Home > Classification, Semi-supervised learning > Surrogate learning with mean independence

## Surrogate learning with mean independence

In this paper we showed that if we had a feature $x_1$ that was class-conditionally statistically independent of the rest of the features, denoted $x_2$, learning a classifier between the two classes $y=0$ and $y = 1$ can be transformed into learning a predictor of $x_1$ from $x_2$ and another of $y$ from $x_1$. Since the first predictor can be learned on unlabeled examples and the second is a classifier on a 1-D space, the learning problem becomes easy. In a sense $x_1$ acts as a surrogate for $y$.

Similar ideas can be found in Ando and Zhang ’07, Quadrianto et. al. ’08, Blitzer et. al. ’06, and others.

Derivation from mean-independence

I’ll now derive a similar surrogate learning algorithm from mean independence rather than full statistical independence. Recall that the random variable $U$ is mean-independent of  the r.v. $V$ if $E[U|V] = E[U]$. Albeit weaker than full independence, mean-independence is still a pretty strong assumption.
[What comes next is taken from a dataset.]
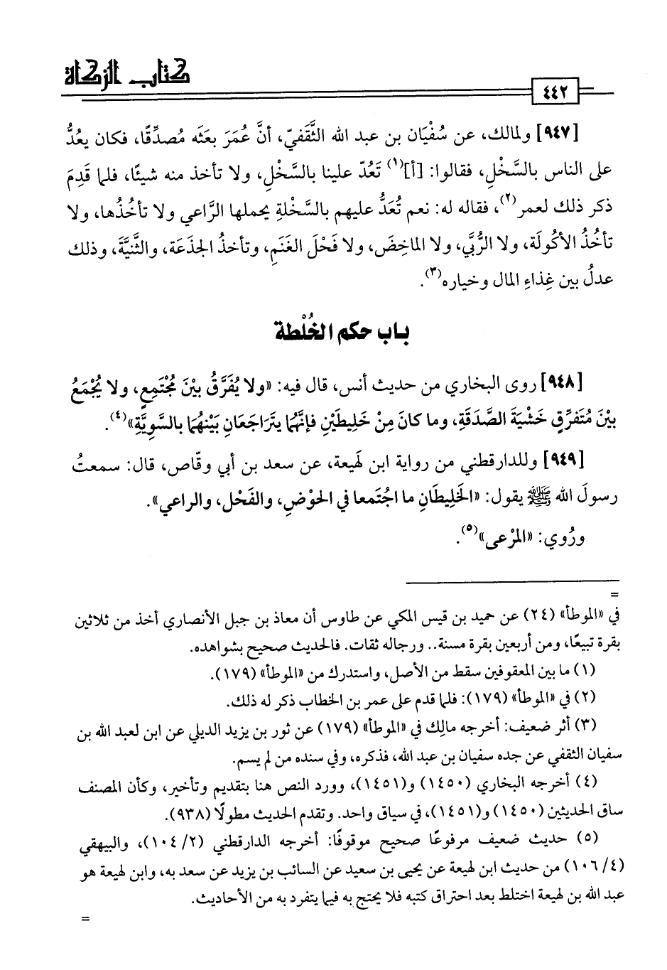 [948] روى البخاري من حديث أنس، قال فيه: "ولا يُفَرَّقُ بيْنَ مُجْتَمِعٍ، ولا يُجْمَعُ بيْنَ مُتَفرِّقٍ خَشْيَةَ الصَّدَقَةِ، وما كَانَ مِنْ خَلِيطَيْنِ فإنَّهُما يتَرَاجَعَانِ بَيْنهُمَا بالسَّوِيَّةِ" (¬4).

In particular it is stronger than the lack of correlation.

We assume that the feature space contains the single feature $x_1$ and the rest of the features $x_2$. We are still in a two-class situation, i.e., $y \in \{0,1\}$. We further assume

1. $x_1$ is at least somewhat useful for classification, or in other words, $E[x_1|y=0] \neq E[x_1|y=1]$.

2. $x_1$ is class-conditionally mean-independent of $x_2$, i.e., $E[x_1|y,x_2] = E[x_1|y]$ for $y \in \{0,1\}$.

Now let us consider the quantity $E[x_1|x_2]$. We have

$E[x_1|x_2]=$

$=E[x_1|x_2,y=0] P(y=0|x_2) + E[x_1|x_2,y=1] P(y=1|x_2)$

$=E[x_1|y=0] P(y=0|x_2) + E[x_1|y=1] P(y=1|x_2)$

Notice that $E[x_1|x_2]$ is a convex sum of $E[x_1|y=0]$ and $E[x_1|y=1]$.

Now using the fact that $P(y=0|x_2) + P(y=1|x_2) = 1$  we can show after some algebra that

$P(y=1|x_2)=\frac{E[x_1|x_2]-E[x_1|y=0]}{E[x_1|y=1]-E[x_1|y=0]}\;\;\;\;\;\;(1)$

We have succeeded in decoupling $y$ and $x_2$ on the right hand side, which results in a simple semi-supervised classification method. We just need the class-conditional means of $x_1$ and a regressor (which can be learned on unlabeled data) to compute $E[x_1|x_2]$.  Again $x_1$ acting as a surrogate for $y$ is predicted from $x_2$.

As opposed to the formulation in the paper this formulation easily accommodates continuous valued $x_1$.

Discussion

1. The first thing to note is that we are only able to write an expression for $P(y|x_2)$ but not $P(y|x_1, x_2)$. That is, we are able to weaken the independence to mean-independence at the expense of “wasting” feature $x_1$.

Of course if we have full statistical independence we can use $x_1$, by using Equation (1) and the fact that, under independence, we have

$P(y|x_1, x_2) \propto P(y|x_2) P(x_1|y)$.

2. If (without loss of generality) we assume that $E[x_1|y=1] > E[x_1|y=0]$, because $E[x_1|x_2]$ lies somewhere between $E[x_1|y=0]$ and $E[x_1|y=1]$, Equation (1) says that $P(y=1|x_2)$ is a monotonically increasing function of $E[x_1|x_2]$.

This means that $E[x_1|x_2]$ itself can be used as the classifier, and labeled examples are needed only to determine a threshold for trading off precision vs. recall. The classifier (or perhaps we should call it a ranker) therefore is built entirely from unlabeled samples.

I’ll post a neat little application of this method soon.